Collected data below:

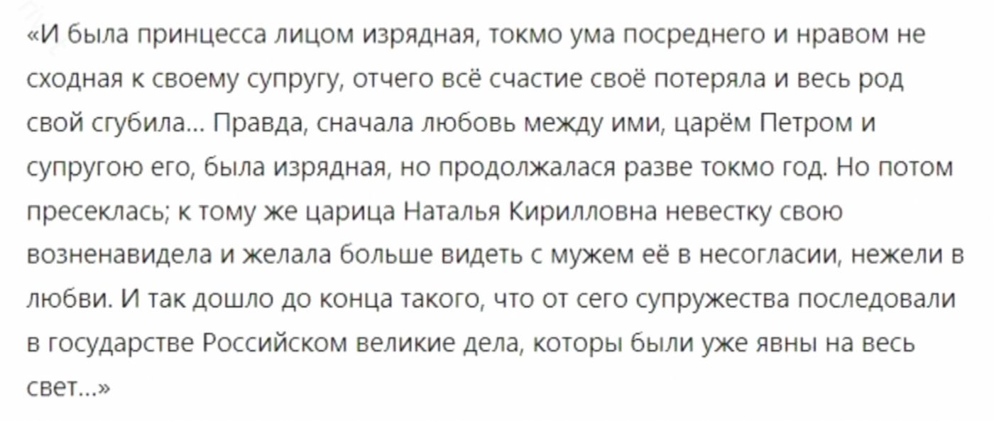 На момент бракосочетания Петру минуло семнадцать, Евдокии — двадцать. Однако в вопросах любовных царь был гораздо искушённее своей супруги, воспитанной по домостроевским канонам и ранее не покидавшей родного села.
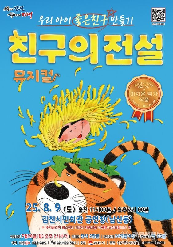 볼로랴 리가치상(어린이문학 분야의 노벨상)을 수상한 이지은 작가의 베스트셀러를 모티브로 만들어진 ‘가족뮤지컬-친구의 전설’은 유아 자녀를 둔 가족에게 유쾌한 재미와 뭉클한 감동의 시간을 선사할 예정이다.
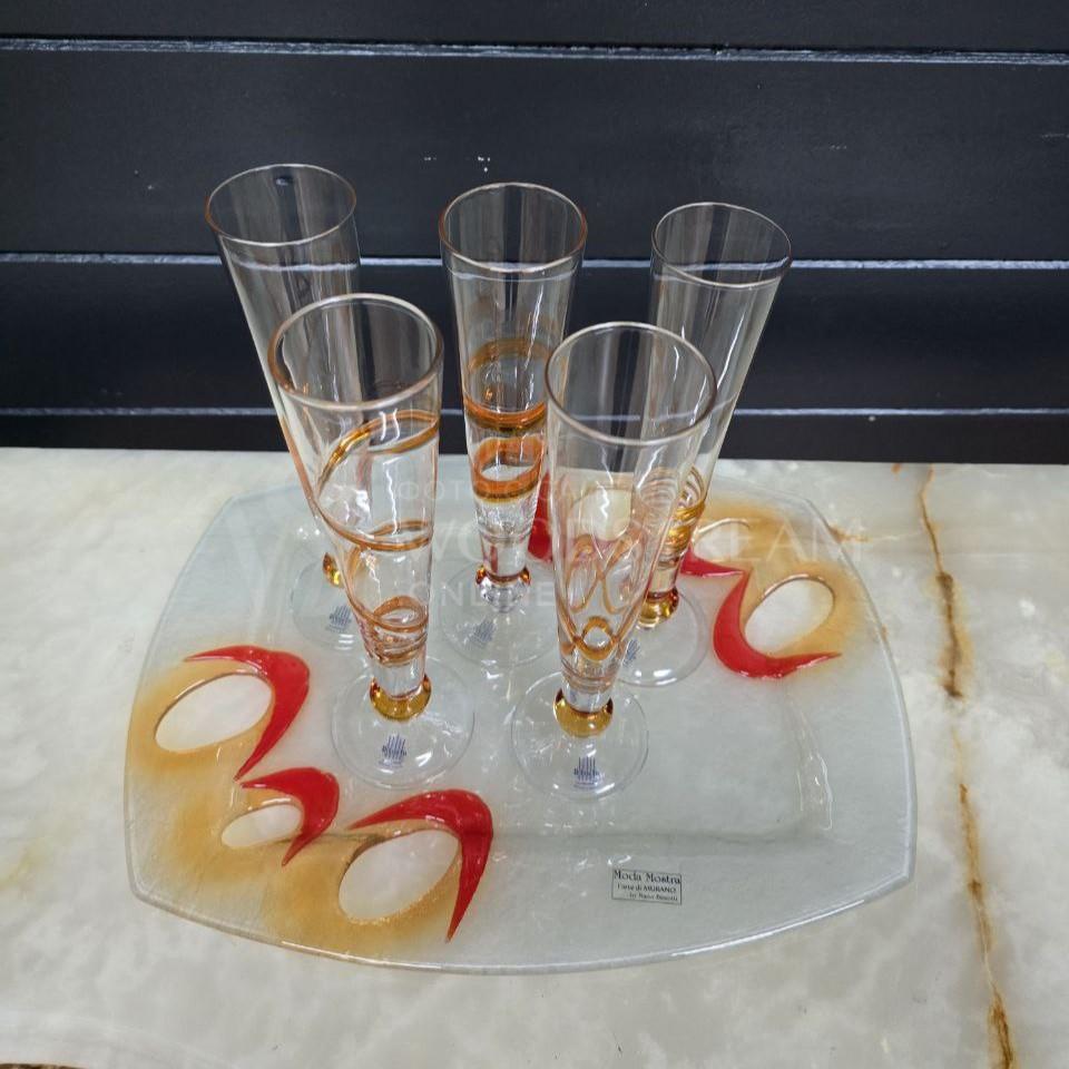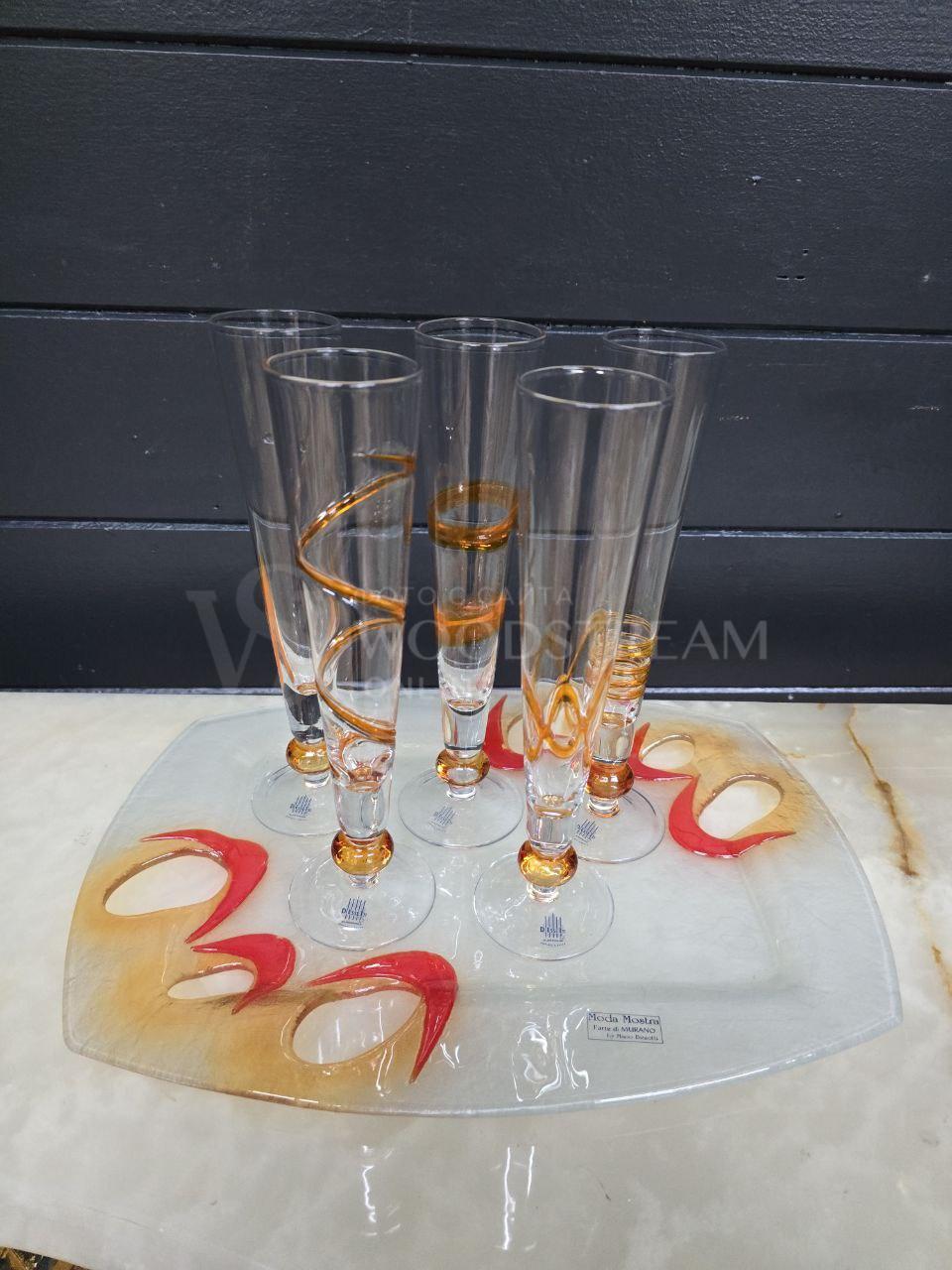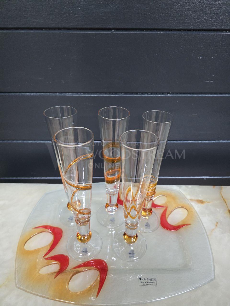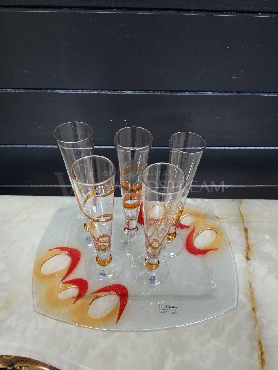 Набор: Бокал/Фужер 5 штук на подносе Мурано / Арт-И23356

End of Collected data.

Output the listing above exactly as it stands; no picture should appear.

 На момент бракосочетания Петру минуло семнадцать, Евдокии — двадцать. Однако в вопросах любовных царь был гораздо искушённее своей супруги, воспитанной по домостроевским канонам и ранее не покидавшей родного села.
 볼로랴 리가치상(어린이문학 분야의 노벨상)을 수상한 이지은 작가의 베스트셀러를 모티브로 만들어진 ‘가족뮤지컬-친구의 전설’은 유아 자녀를 둔 가족에게 유쾌한 재미와 뭉클한 감동의 시간을 선사할 예정이다.
 Набор: Бокал/Фужер 5 штук на подносе Мурано / Арт-И23356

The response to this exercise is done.